Whether or not the use of such sophisticated military equipment is justified, many local
police feel compelled to use it once they have it.
The misuse of military gear by police is a growing problem that has been documented in
books such as Cheryl Chumley’s “Police State USA: How Orwell’s Nightmare is
Becoming Our Reality:” and Radley Balko’s “Rise of The Warrior Cop.”
Heavily armed SWAT units were introduced in the 1980s for the purpose of handling
highly volatile hostage situations and confrontations with active shooters. But now they
are rolled out for the most routine police procedures such as serving warrants.
SWAT raids, which numbered about 3,000 a year in the early 1980s, now occur over
80,000 times per year across America, according to research by Professor Peter
Kraska, chair of the graduate program at the School of Justice at Eastern Kentucky
University and author of the book “Militarizing The American Criminal Justice System:
The Changing Roles of the Armed Forces and Police.”
WND previously reported on an incident in rural Habersham County, Georgia, in which
a SWAT team threw a flash-bang grenade into a home where they believed a drug
dealer was hiding out. The grenade landed in the crib of a 19-month-old boy and blew
open his face. The toddler spent five weeks in the hospital following the May 28 incident
which the local sheriff called “a mistake.”
Bounkham “Bou Bou” Phonesavanh was permanently scarred by a SWAT team in
Habersham County, Georgia.
Little “Bou Bou” Phonesavanh has had to undergo multiple reconstructive surgeries,
including the reattachment of his nose, and is still badly scarred. The drug dealer was
arrested later that same night at a different house and the family maintains they have no
involvement in illegal drugs. A Habersham grand jury has been meeting for the past
week to consider a possible criminal indictment against the Sheriff’s Office.
“While we all want our law enforcement officers to be able to do their job, which is to
maintain the peace and uphold the Constitution, and we want them to be safe and
protected while doing so, we cannot afford to sacrifice our freedoms in the process,”
said Whitehead, author of “A Government of Wolves: The Emerging American Police
State.”
He believes it will take local citizen activists stepping up to roll back the police state.
“The American police force is not supposed to be a branch of the military but exists for a
sole purpose: To serve and protect the citizens of each and every American
community,” he said. “Thus, it now falls to local governing bodies to restore the rightful
balance between the citizenry and those appointed to safeguard their freedoms.”
Local police agencies in all 50 states and four U.S. territories participate in the
Pentagon’s 1033 “recycling” program, and the share of equipment and weaponry
delivered to local communities each year continues to expand.
Since 1990, the 1033 program has transferred $4.2 billion worth of military weaponry
and equipment from the Pentagon to domestic police agencies, much of it in the name
of fighting the war on drugs.
The MRAP is an intimidating part of this “recycling” program.

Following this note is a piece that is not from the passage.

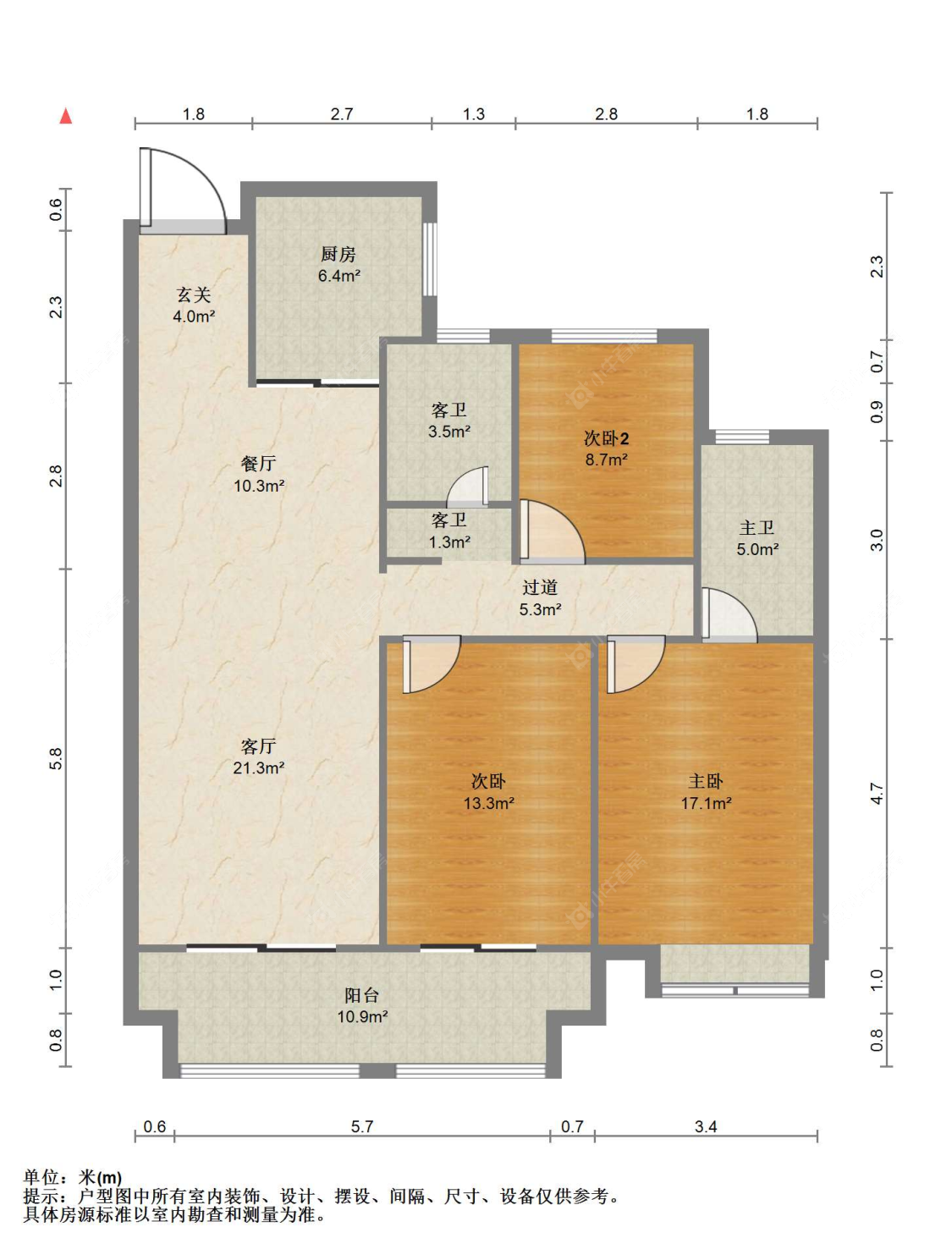 3室2厅2卫 | 110㎡ | 南

Weighing in at 20 tons, an
MRAP is built to withstand everything from small arms fire to IED bomb blasts that were
common during the Iraq War but unlikely to be encountered during domestic policing.

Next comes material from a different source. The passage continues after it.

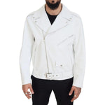 Dolce & Gabbana White Leather Biker Coat Zipper Jacket
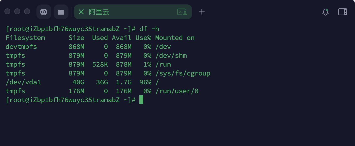 #显示文件系统的磁盘空间使用情况(已挂载的文件系统),包括总大小、已用空间、可用空间、使用百分比和挂载点

And, as many small cities have discovered, the costs of maintaining an MRAP can
quickly add up.
“While supposedly acquired for little up front, these $733,000 battering rams come with
hidden costs that can add up to tens of thousands of dollars yearly in maintenance and
repair,” Whitehead said.
However, as Whitehead notes in his letter to the city council, when Homeland Security
launched its 1033 surplus military equipment program, it laid the groundwork for a
transformation of local law enforcement into extensions of the military, “upsetting a
critical balance established by our Founding Fathers who warned against establishing a
standing army that would see American citizens as potential combatants.”
For the sake of greater transparency, accountability, and oversight when it comes to
police acquisition and deployment of military-grade equipment, Whitehead said The
Rutherford Institute is recommending that the Nampa City Council adopt a policy of
direct oversight to ensure that if local law enforcement acquires such weapons, they do
so with the blessing of the community
18 Months After NSA is Outed
It's been a year and a half since Edward Snowden revealed to the world just how much private
information the National Security Agency has been collecting on just about everyone. The
massive spying operation raised privacy and Constitutional concerns and set off alarms with
reports that some employees had used the system to keep tabs on their love interests.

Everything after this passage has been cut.